I checked the Internet Archive, but the most recent snapshot of www.whitehouse.gov/infocus/economy/ as of this morning is June 7, 2007. I did some Google searching and was not able to locate the Flash animation, but I was able to locate a series, of nearly identical ones:

If Google is an accurate way to judge the content of whitehouse.gov, it would appear that, the White House has maintained earlier versions of this animation but has not preserved this more recent one. But, we do not know how accurate or comprehensive or current Google is.

I also browsed the White House News releases for March 2008 page, because it appeared that similar information had migrated to various “Fact Sheets.” Indeed, the text paragraph is in the March 7, 2008 Fact Sheet: Taking Responsible Action to Keep Our Economy Growing. I was not able to find a link to the animations, however.

This brings me to the question: “Can we identify or verify or prevent government website scrubbing?” My own tentative conclusions are:

  • We cannot prevent the government from changing its own websites, so we cannot prevent “scrubbing.”
  • We can verify that a site has changed, but currently our tools are limited to a) commercial web crawlers (like google, MSN and Internet Archive, and b) individuals who regularly monitor websites, and c) web crawlers created by libraries using their own tools or those provided by others (such as Archive-it).
  • While tools exist to monitor changes in a web site (e.g., Change Detection), I don’t believe that we can use these to look for significant (e.g., loss-of-information) alterations.

What conclusions can we draw from all this? Since we do not know how commercial indexers such as Google and MSN work and what their criteria are and since they do not have preservation as a mission, we can hardly rely on them.
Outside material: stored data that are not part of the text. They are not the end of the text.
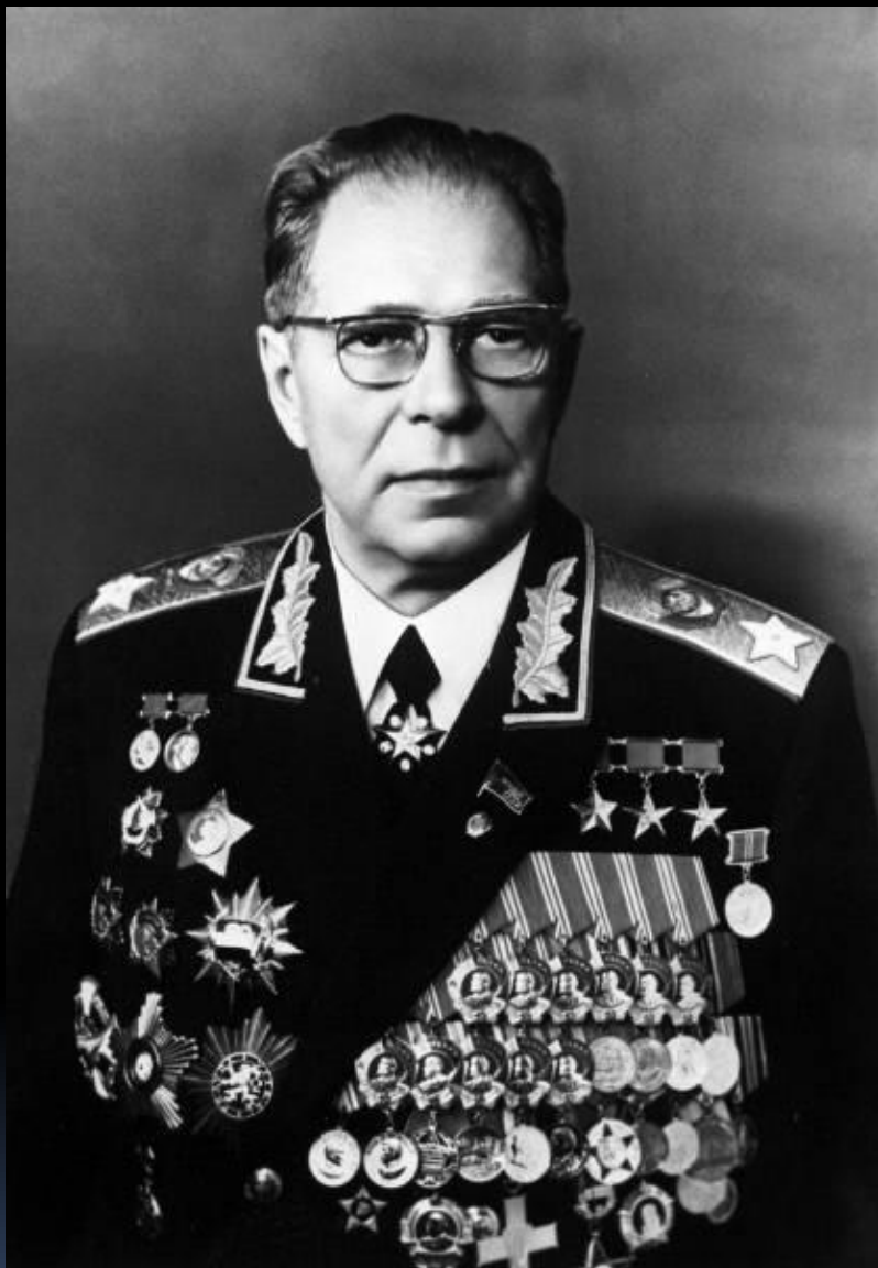
Дмитрий Фёдорович Устинов (1908-1984 гг.)

Но необходимо вспомнить и ещё одного человека. Человека, который хоть не являлся конструктором артиллерийских систем, но без поистине «гаубичного» по пробиваемости решений на всех уровнях характера, без его организаторских способностей, судьба шедевра могла сложиться не так триумфально.
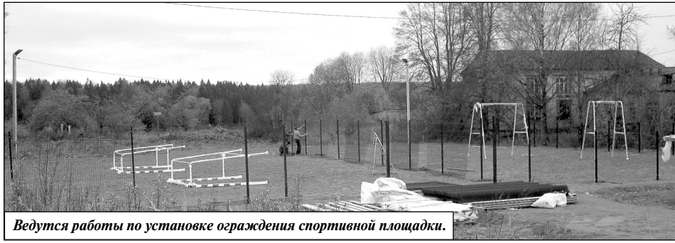
Ведутся работы по установке ограждения спортивной площадки.
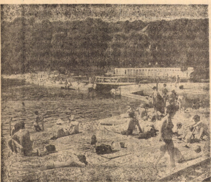
Zi de caniculă la ștrandul stațiunii din Ocna Sibiu

★ Trei hoți au comis recent la Copenhaga , cel mai mare furt din istoria Danemarcei
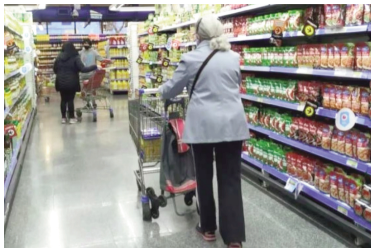
El consumo sigue sin recuperarse.

bién varió de manera significativa según el canal. En self service, las ventas cayeron -2,4% interanual en noviembre y acumularon una baja
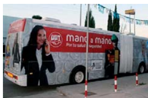
El autobús de la prevención de la UGT

Secretaría de Salud Laboral, Medio Ambiente y Cambio Climático
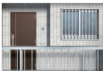
防火戸 居室仕様 引違い窓
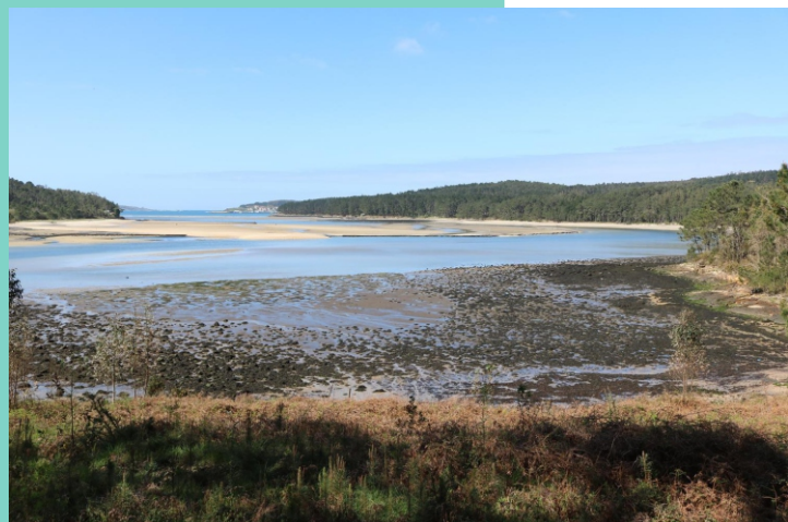
Ría de Camariñas desde A Man do Medio
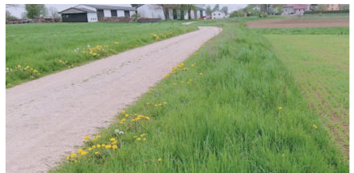
Blühender Löwenzahn, Taubnessel und Labkraut mit viel grasigem Grün in einem Wegrand - das Potenzial ist vorhanden und könnte bei entsprechender Pflege genutzt werden.

Optimal wäre eine ein- bis zweischürige Mahd mit Mähgutabfuhr, um die Flächen eher abzumagern, anstatt – wie beim Mulchen – das Material und damit auch die Nährstoffe auf der Fläche zu belassen. So würde sich ein eher krautiger, blütenreicher Bewuchs einstellen. Durch das Mulchen, ggf. bis zum blanken Boden werden eher konkurrenzstarke (Problem-)Gräser wie die Taube Trespe oder die Quecke gefördert, die auf der offenen Erde beste Entwicklungsbedingungen vorfinden und monotone Bestände bilden, welche sich gerne in die angrenzenden Flächen ausbreiten.
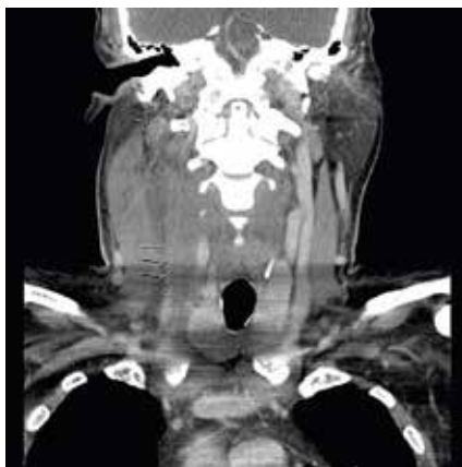
FALLBESKRIVNING Om Lemierres syndrom, som drabbar främst yngre. Sidan 403

167 hade svarat den 18 februari kl 11.00.
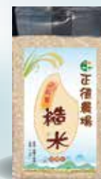
(圖1)正德農場正能量糙米
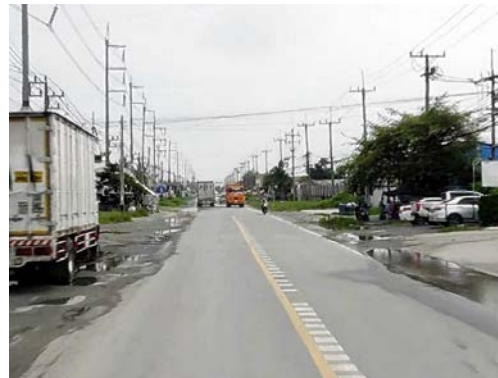
รูปก่อนการก่อสร้าง กม.ที่ ๓+๙๐๐
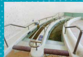
② ウォーキングプール
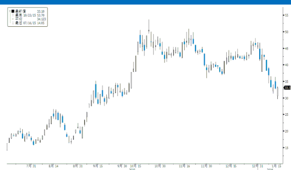
錦江投資 參考數據
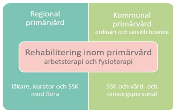
Figur 1: Ansvarsfördelning för primärvård i Örebro län

Ansvaret för rehabilitering på primärvårdsnivå reglerades genom att alla arbetsterapeuter anställdes i kommunerna och alla fysioterapeuter anställdes i regionen. Båda professionerna har ett vårdgivaransvar och riktat uppdrag gentemot både kommun och Region. Rehabiliteringsprofessionerna har ett gemensamt ansvar för en sammanhållen rehabiliteringskedja i primärvården.
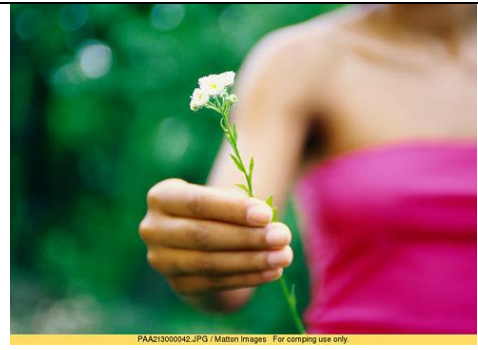
PAA21300042.JPG / Matton Images For comping use only. fleur tendue.JPG

L'établissement de la paix universelle n'est possible que par le pouvoir de la parole de Dieu.
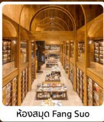
ห้องสมุด Fang Suo
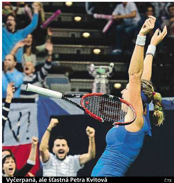
Vyčerpaná, ale šťastná Petra Kvitová

s Kerberovou mě stál hodně sil, byl opravdu super. Hrály jsme výborný tenis, byl to boj o každý míč. Je to speciální a děkuji fanouškům,“ řekla vítězka Wimbledonu. RB
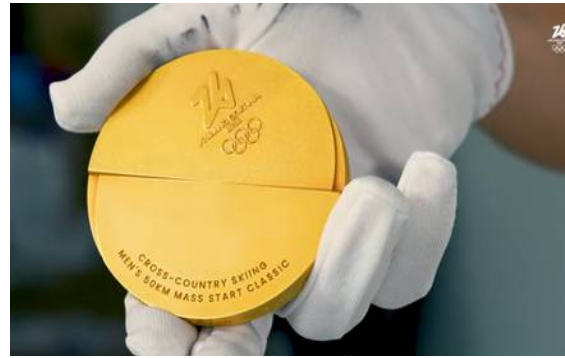
Imagen medalla Milán-Cortina 2026
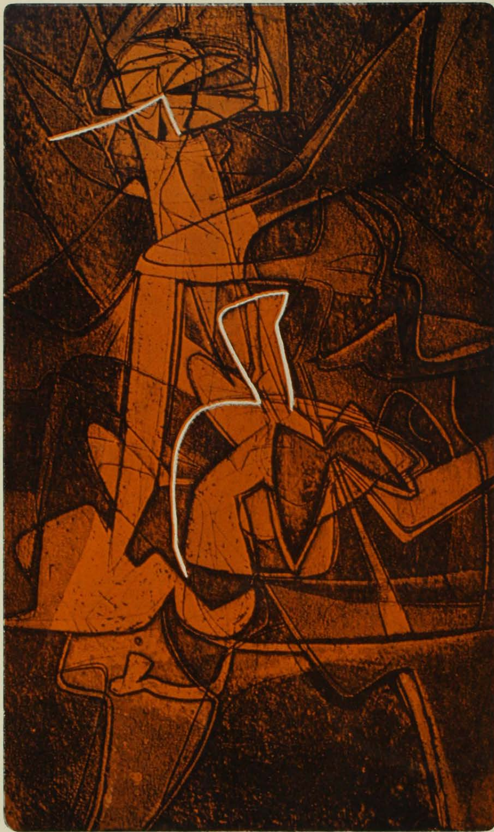
Nacimiento de Icaro.
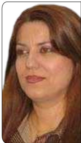
فینۆس فایه ق
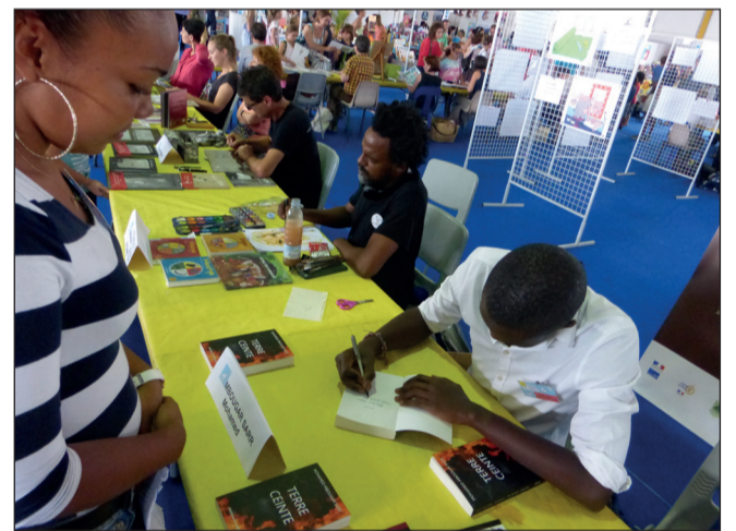
On a eu une dédicace de Mohamed Mbougar Saar.

Les lycéens du bac pro commerce de Moulin-Joli (La Possession) ont quant à eux aidé à la
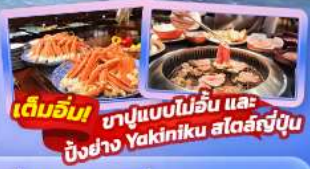
เต็มอิ่ม ขาปูแบบไม้อื่น และ ปิ้งย่าง Yakiniku สดร้อนญี่ปุ่น

Highlight สัมผัสความเป็นญี่ปุ่น ชมวิวฟูจิที่ ทะเลสาบยามานาทะเลสาบ ศาลเจ้าฟูจิซังเซนเนง "Unseen" ขอบพระด้วยหัวไชเท้า ที่วัดมัตสึจิยามา โชเดิน ถ่ายภาพวิวไร่ชาที่ โอบุจิ ชะชะบะ ขอบพระ วัดอาซากุสะ วัดพระโพลูซึกุ ไดบุทสึ เดินเล่น คาวาโกะเอะ Toyosu Senkyaku Banrai ซอปปิงย่านชินจูกุ และห้างไดเวอร์ซิตี
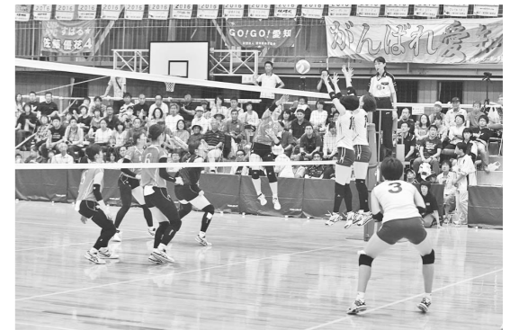
多くの観客の声援の中行われた成年女子バレー

この国体には、地元の高校生をはじめ、多くの市民が運営に関わりました。花泉の出前餅つき隊による餅つきと老松大黒舞保存会、老松小学校児童による大黒舞の披露やおにぎり、いわて南牛の振舞いなど、他県から訪れた選手、応援団等を花泉らしいおもてなしで迎えました。
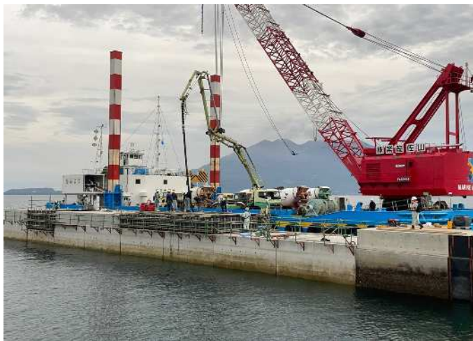
上部工① コンクリート打設
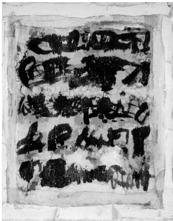
Jonas MALDŽIŪNAS Neįskaitomi rašmenys . 2000 Popierius, akrilas, tušas, mišri technika. 120 × 90
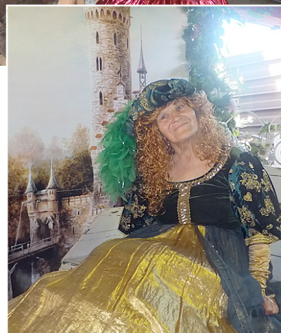
Vai atpazīstat Eleonoru?
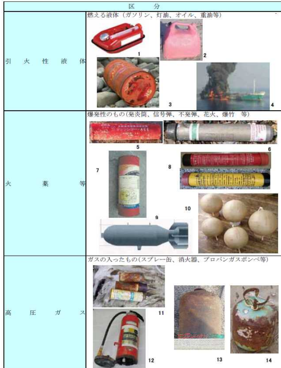
表 1.3(1) 危険物種別表
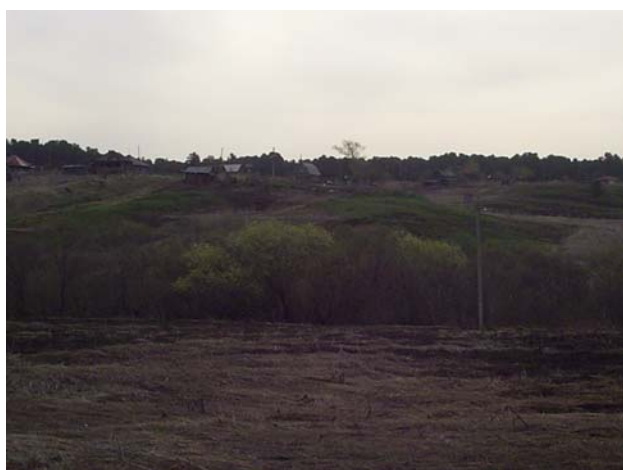
Рисунок 17а, б
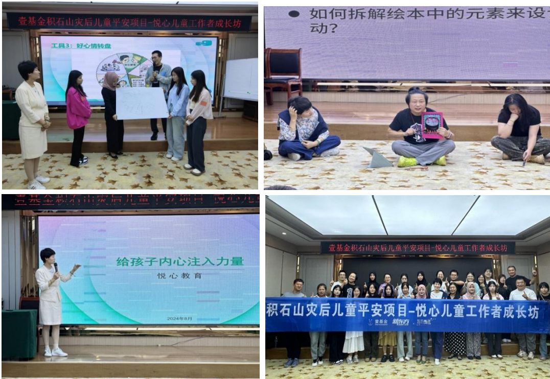
图：灾后儿童平安悦心儿童工作者成长坊
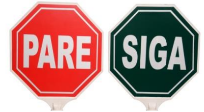
Paleta Plástica Pare-Siga
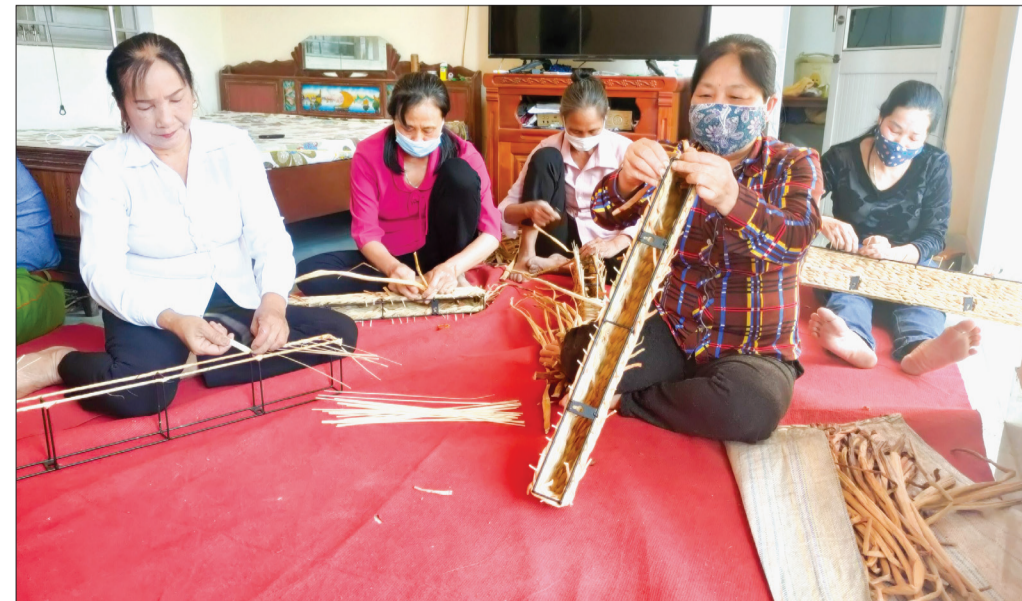
Nghề đan bèo tây xuất khẩu mang lại nguồn thu nhập ổn định và giải quyết việc làm trong lúc nông nhàn cho phụ nữ xã Quỳnh Xá (Quỳnh Phụ).
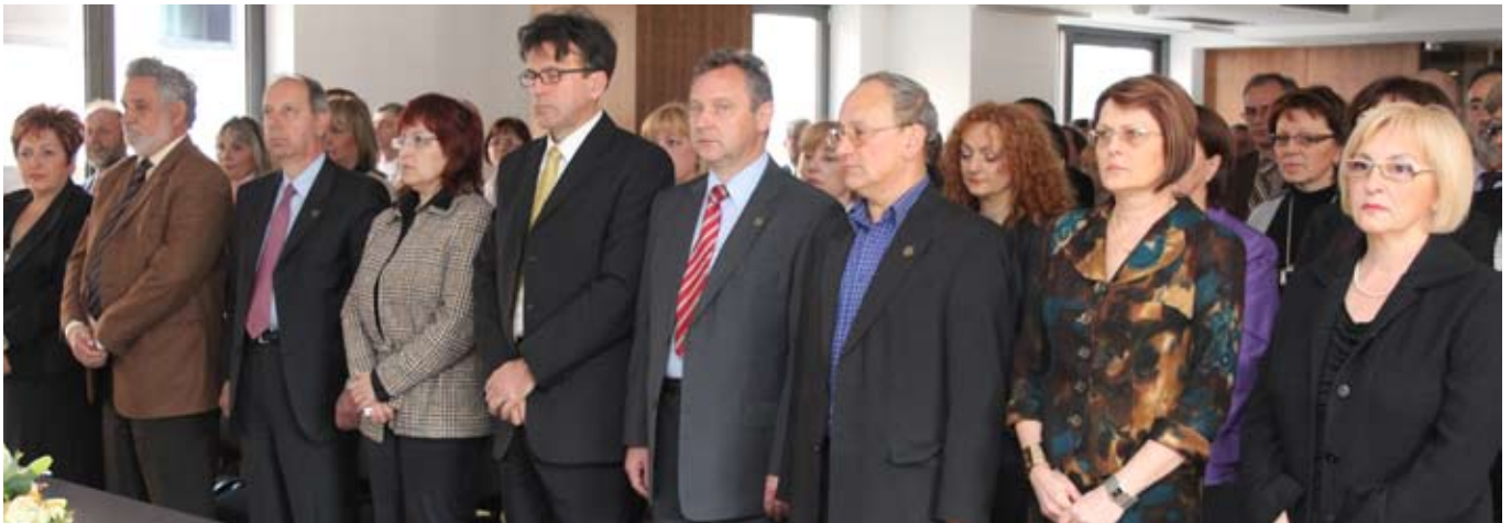
Početak rada Skupštine - intoniranje himne Republike Hrvatske
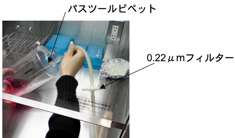
図2 : ローラーボトルへの N_2 の充填

作業はクリーンベンチ内で行い、チューブの間に0.22 \mu mのフィルターをつないで先端にはパストゥールピペットを取り付けている。各実験ごとにパストゥールピペットを付け替えればコンタミは防げる。培養液面が軽く凹む程度の圧力で N_2 を5秒ほど充填し、すぐにフタをして密閉する。
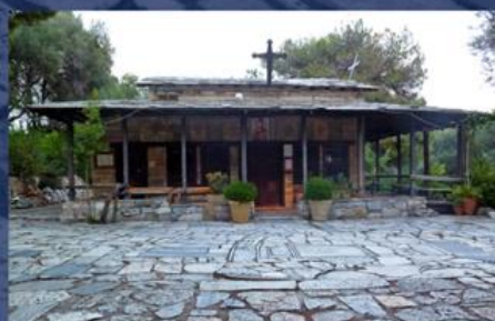
Церковь Святого Димитриса Лумбардиариса в Афинах, 1951 г.

Православие стало для Пикиониса главным источником вдохновения. Несмотря на то что семья и работа отнимали много времени, он посвящал Богу все свободное время. Ночи великий архитектор проводил в изучении «Добротолубия», писаний святых отцов и молитве. «Пикионис был новым Иоанном Лествичником, смиренным отшельником и мыслителем, воплощавшим свои духовные прозрения в архитектурные формы», – писал о нем один из современников.
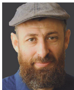
ויקטור אוחובסקי סטודיו לציור
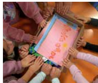
Fleißige Kinderhände beim Packen ...
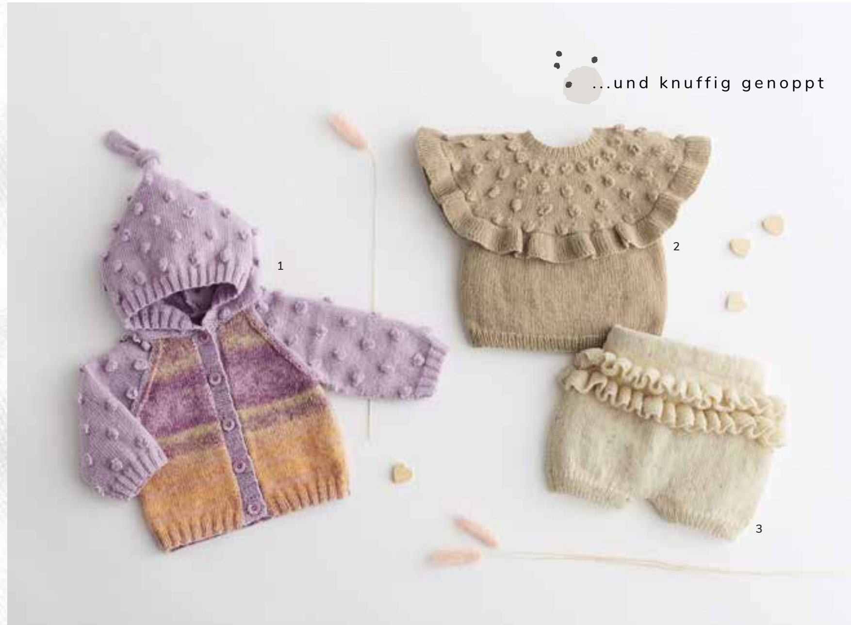
1 - Jacke. Cool Wool Baby & Cool Wool Baby Dégradé • 2 - Pulli. Cool Wool Baby 3 - Hose. Cool Wool Baby Print Punto
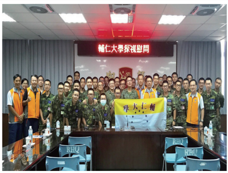
學校慰問團隊與參與學生合影

當別的同学都興奮地在倒數暑假開始的時間之際，我卻是繃著一張臉在倒數著入伍的日子，但是這趟旅程，卻豐富了我的人生。
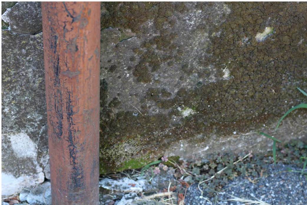
36z- Corpo principale
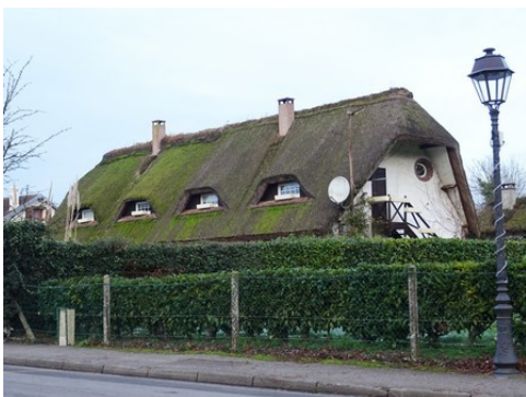
Une toiture en chaume
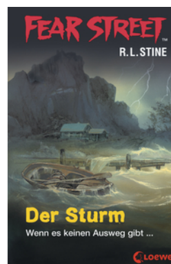
Fear Street 55 - Der Sturm
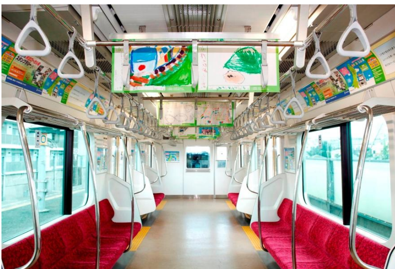
過去に実施した電車内絵画展

While this particular example may be trivial in itself, it demonstrates that government information in the digital age, the “e-government” age, is volatile and fragile and that we do not have a system in place that is as reliable for digital content as the FDLP libraries were for non-digital content. While it is hard to imagine a system that would be robust enough to catch every single digital bit of government information from every agency for all time, it is possible to imagine a system that would capture much more than we do now.

That leads me to a conclusion that we at FGI have long advocated: Libraries should be building collections of digital government information and GPO should facilitate this by depositing government information in FDLP libraries. If libraries created collections that could be text-mined by scholars and researchers, it would be possible to better audit, analyze, and preserve government information and make it more difficult for information to be scrubbed without being discovered and exposed. Indeed, it would remove, to some extent, the motivation to “scrub” if it was well know that the information was preserved and easily discoverable.

The question we should be asking ourselves is: How much are we losing every day? The task is too big for any one library or any one government agency (i.e., GPO). And it is not a task that commercial entities like Google and MSN are likely to take on.